普通の人間ならGで肋骨を骨折してもおかしくはないのだが、混沌精霊の俺にとっては、この程度どうという事はない。
そうしてズワウスが無理矢理方向を変えた瞬間、ズワウスのあった場所を何かが貫く。
それが何なのかというのは、映像モニタに表示された事でしっかりと理解出来た。
それは。オーラソードの鎌。
ビアレスの持つオーラソードの鎌は、一般的なオーラソードに比べるとリーチが短い。
だが、それを補う為に、ビアレスは左右両方の手にオーラソードの鞘がある。
つまり、オーラソードの鎌は2つ持っているのだ。
そしてリーチの短いその鎌は、だからこそ投擲といった手段も可能だった。
こちらに向かってオーラソードを振り下ろそうとしながら、もう片方の手でオーラソードを投擲する。
ガラミティにしてみれば、俺に勝つ為の手段としてこれ以上ない方法だったのだろう。
実際、まさかこの状況でオーラソードを投擲してくるというのは、意表を突かれた。
突かれたが、その攻撃が失敗してしまえば意味がないのは明らかだ。
何よりも、投擲したということは、ガラミティのビアレスが持つオーラソードは、もう1本だけだ。
つまり、もう投擲という手段は使えない。
いや、使えない事もないが、もし投擲して失敗したら、それはガラミティにとって致命的なミスとなる。
「その機体に乗ったのは失敗だったかもしれないな!」
叫びつつ、オーラショットを放つ。
こちらから放った一撃を、それでも盾で防いだ辺り、ガラミティの能力の高さを示していた。
しかし、至近距離でオーラショットを受け止めた以上、その衝撃はかなりのもので……当然ながら、盾――正確にはオーラソードの鞘だが――を装備した手は大きく弾かれる。
空を飛んでいる状態でそうした状況になり、空中でバランスを崩すと……そこに対して、追撃でショットクローを放つ。
ただし、それはいつものようにワイヤーを機体に絡みつかせて動きを止めるといったような使い方ではなく、打撃武器としての使い方。
ただでさえバランスを崩した状態で、更に一撃を食らったのだ。
それはガラミティのビアレスが空中でバランスを崩すというのは止めようもないことだった。
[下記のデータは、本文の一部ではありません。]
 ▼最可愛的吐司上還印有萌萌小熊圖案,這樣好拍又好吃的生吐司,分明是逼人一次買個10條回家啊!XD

そして……俺とズワウスを前に、そのような状況は決定的なまでの隙となる。
「ガラミティ、食らえ!」
叫びつつ、間近でマジックコンバータを全開にし、更には羽根も羽ばたかせて速度を上げ、ガラミティのビアレスとの間合いを詰め……そのまま、オーラソードをコックピットに向かって突き出す。
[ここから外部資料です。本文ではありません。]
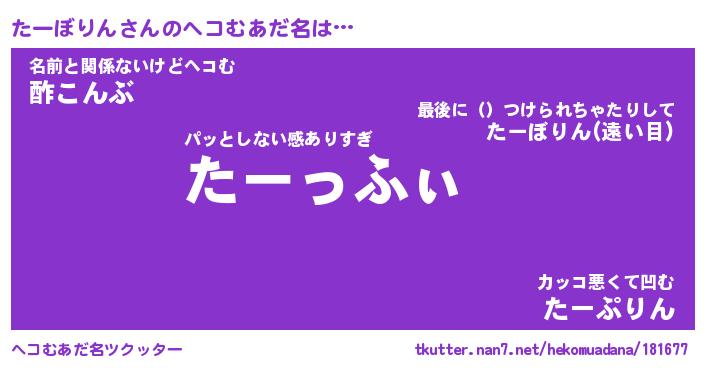 | 恥ずかしいあだ名 | 『プリティーたーぼりん』『たーっちょ』 |

ガラミティはそのような状況であっても、何とか致命傷を避けようと片手に持ったオーラソードで俺の一撃を受け止めようとするが、その一撃は僅かに軌道を逸らしただけで……次の瞬間、コックピットを貫く。
『が……アクセル……王……』
「ガラミティ」
聞こえてきた通信に、そう短く言葉を返す。
最後の一撃を、何とか……本当に何とかオーラソードによってこちらのオーラソードの軌道を逸らした事により、即死とはならなかったのだろう。
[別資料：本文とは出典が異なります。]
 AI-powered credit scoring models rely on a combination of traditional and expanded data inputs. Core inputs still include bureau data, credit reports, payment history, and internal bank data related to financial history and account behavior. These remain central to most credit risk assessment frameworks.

とはいえ、一撃で死ぬ事が出来ず苦しみの時間が延びたというのはガラミティにとって幸運か不運か微妙なとこだが。
ともあれ、これで勝負はついた。
ついた以上、せめてガラミティの遺言くらいは聞いておいた方がいい。
そう思って、俺はガラミティの名前を口にしたのだ。
『ビショット王を……』
「助けろ、というのは難しいぞ」
捕虜にするというだけなら、それなりにやりようはある。
しかし、もしそのような真似をした場合、間違いなく面倒な事になるだろう。
ルーザによって籠絡された結果とはいえ、ビショットはパリを焼いた。
それでビショットが死んでいれば、まだ収まりもつくだろう。
だが、もしビショットが生きたまま俺達の捕虜になっていた場合、かなり面倒な事になるのは間違いない。
個人的にはビショットに対し、それなりに友好的な感情を抱いてもいるし、それを抜きにしても、ビショットは国王として、オーラバトラーやオーラバトルシップの研究者として、非常に有能な人物であるのは間違いない。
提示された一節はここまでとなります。